ECONOMICS

Mau Naikkan Harga BBM, Pemerintah Sudah Siap Hadapi Risiko Ini?

Michelle Natalia 20/08/2022 11:38 WIB

Kenaikan harga BBM bukan tidak mungkin diikuti sejumlah risiko.

Ilustrasi. Foto: MNC Media

IDXChannel - Ekonom sekaligus Direktur Center of Economic and Law Studies (CELIOS), Bhima Yudhistira, meminta kenaikan harga BBM jenis subsidi, terutama Pertalite benar-benar dicermati pemerintah. 

Pasalnya, kenaikan harga BBM bukan tidak mungkin diikuti sejumlah risiko. Pertama, bukan hanya masyarakat kelas miskin yang terdampak, tetapi juga daya beli kelas menengah rentan. 

"Apa kondisi masyarakat miskin saat ini siap hadapi kenaikan harga BBM? masyarakat kelas menengah rentan juga akan terdampak. Mungkin sebelumnya mereka kuat beli Pertamax, tapi sekarang mereka migrasi ke Pertalite dan kalau harga Pertalite juga ikut naik, maka kelas menengah akan korbankan belanja lain," ujar Bhima kepada MNC Portal Indonesia, Sabtu(20/8/2022). 

Jika demikian, masyarakat yang tadinya bisa berbelanja baju, mau membeli rumah lewat KPR, hingga menyisihkan uang untuk memulai usaha baru akhirnya mengalihkan kebutuhan lainnya untuk membeli bensin. 

"Imbasnya apa? Permintaan industri manufaktur bisa terpukul, serapan tenaga kerja bisa terganggu. Dan target-target pemulihan ekonomi pemerintah bisa buyar," ungkap Bhima.

Bhima juga mengingatkan jika inflasi menembus angka yang terlalu tinggi dan serapan tenaga kerja terganggu, Indonesia bisa menyusul negara lain yang masuk fase Stagflasi. Jika itu terjadi pemulihan bisa memakan waktu tiga hingga lima tahun akibat daya beli yang terganggu.

Bhima menanggapi pernyataan pemerintah yang mengatakan naiknya harga minyak mentah menjadi tekanan. Pemerintah sebelumnya menyebut Anggaran Pendapatan dan Belanja Negara (APBN) tidak bisa lagi lebih banyak menopang beban itu.

Adapun pemerintah tetap menyiapkan subsidi energi sebesar Rp502 triliun. Namun, berdasarkan data APBN Kita, serapan subsidi energi baru Rp88,7 triliun. 

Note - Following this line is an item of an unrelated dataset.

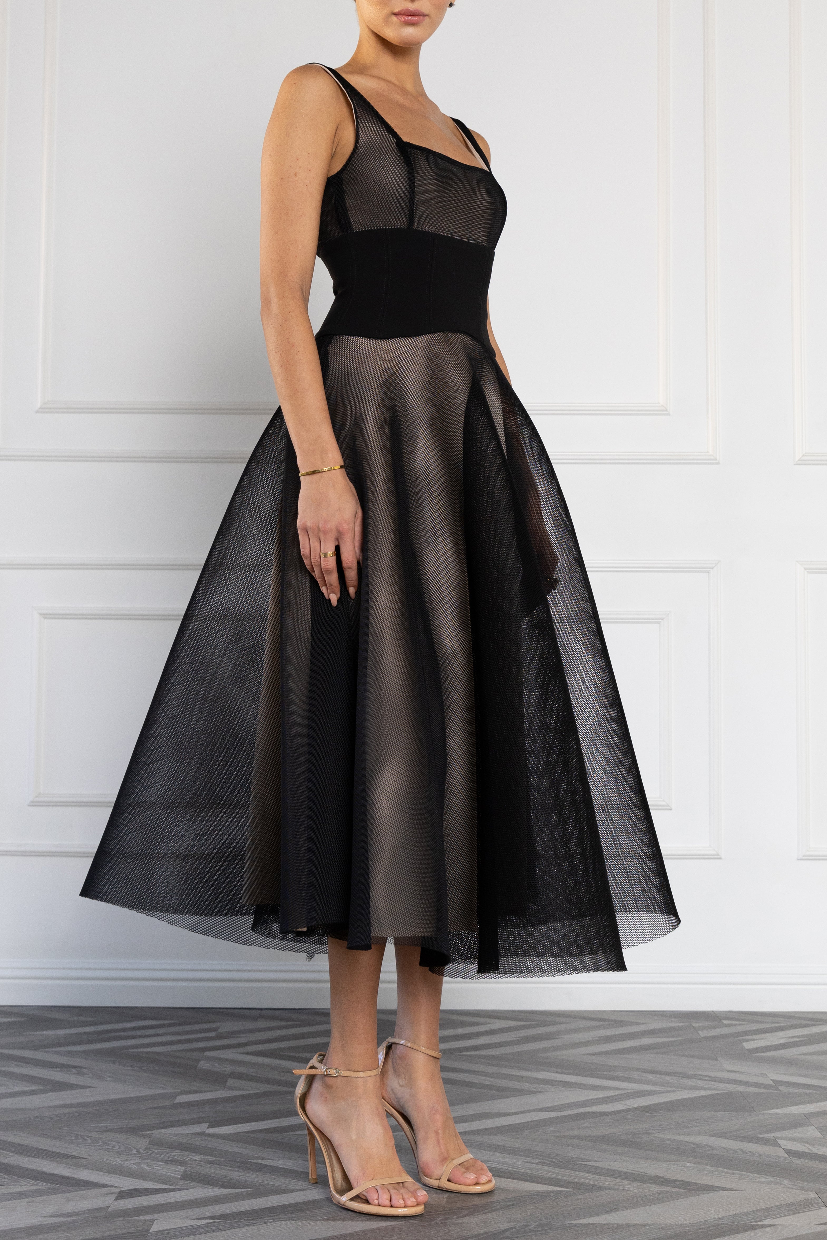 The Vivi Midi Dress is a modern statement in texture and silhouette. Crafted from two-ply bonded mesh, this design plays with opacity and movement. The squared neckline and tapered straps frame the décolletage, while a contrasting corset-style waist defines the shape. The sheer mesh midi skirt reveals a nude lining beneath, offering a layered look

Di sisi lain, APBN juga mengalami surplus Rp106,1 triliun atau 0,57% dari PDB diperiode Juli 2022. Dalam hal ini, menurut Bhima, pemerintah bisa saja menambal subsidi energi dengan surplus tersebut.

"Kenapa surplus tadi tidak diprioritaskan untuk tambal subsidi energi? Jangan ada indikasi, pemerintah tidak mau pangkas anggaran yang tidak urgent dan korbankan subsidi energi," tukas Bhima.

Untuk win-win solutionnya, pemerintah bisa merevisi aturan untuk menghentikan 'kebocoran' solar subsidi yang dinikmati oleh industri skala besar, pertambangan, dan perkebunan besar. 

"Dengan tutup kebocoran solar, bisa hemat pengeluaran subsidi karena 93% konsumsi solar adalah jenis subsidi. Atur dulu kebocoran solar subsidi di truk yang angkut hasil tambang dan sawit, daripada melakukan kenaikan harga dan pembatasan untuk jenis pertalite," cetus Bhima.